At present, Federal Minister of Justice Leutheusser-Schnarrenberger would like to put a stop to the warning industry and, in doing so, also restrict the flying jurisdiction in the area of e-commerce, which is already practiced by some courts and demanded in the legal press. For example, a trader who has been taken for a ride in Internet transactions is also to be fined at his own home or place of residence. The president will still be allowed to sue at the court of his choice, but not at the court of his choice. However, such restrictions have not yet been envisaged for the press law. As before, z.B. the Bishop of Regensburg has his Munich lawyers make a pilgrimage to Hamburg when Regensburg bloggers are to be banned from exercising their freedom of speech.

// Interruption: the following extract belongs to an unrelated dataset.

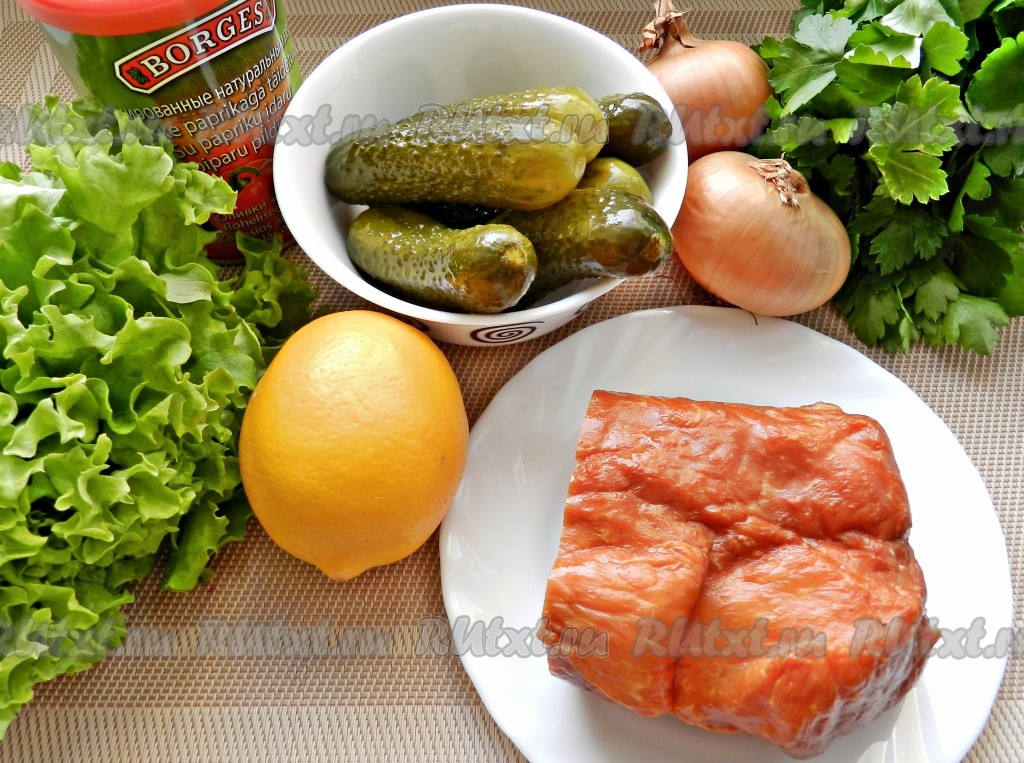 Подготовить ингредиенты для приготовления салата с копчёным мясом и огурцами.

Ms. Leutheusser-Schnarrenberger could get direct expertise on the Hamburg press chamber from her party colleagues. As much as ex-chancellor Schroder would like to forbid the former opposition politician Westerwelle to talk about his gas business, because this might have put the honorable ex-chancellor in a completely wrong light. By the way, Ms. Leutheusser-Schnarrenberger’s party friends also like to try it in the Hamburg press chamber, although not very successfully. And if it does work out, the Federal Court of Arrest is quite happy to overturn the Hamburg verdicts, which two years ago gave an FDP politician what was certainly a valuable pedagogical experience.
A restriction of the flying jurisdiction also in the press law would not only protect bloggers and media from Hamburg’s gangsterism, but also protect censorship-loving plaintiffs from their own hubris. Individual district courts – including even the Hamburg district court – already consider the arbitrary flying jurisdiction to be inadmissible under the current legal situation. A factual reason why press law should be exempted from the planned restrictions of the flying jurisdiction is not discernible. On the contrary, the Hamburg press chamber is even frequently overloaded, so that "Interlocutory proceedings" could well take half a year to complete. With the abolition of the arbitrary flying jurisdiction in the Internet would be thus all served.
Note: The author has represented the blogger in his experiment by legal counsel.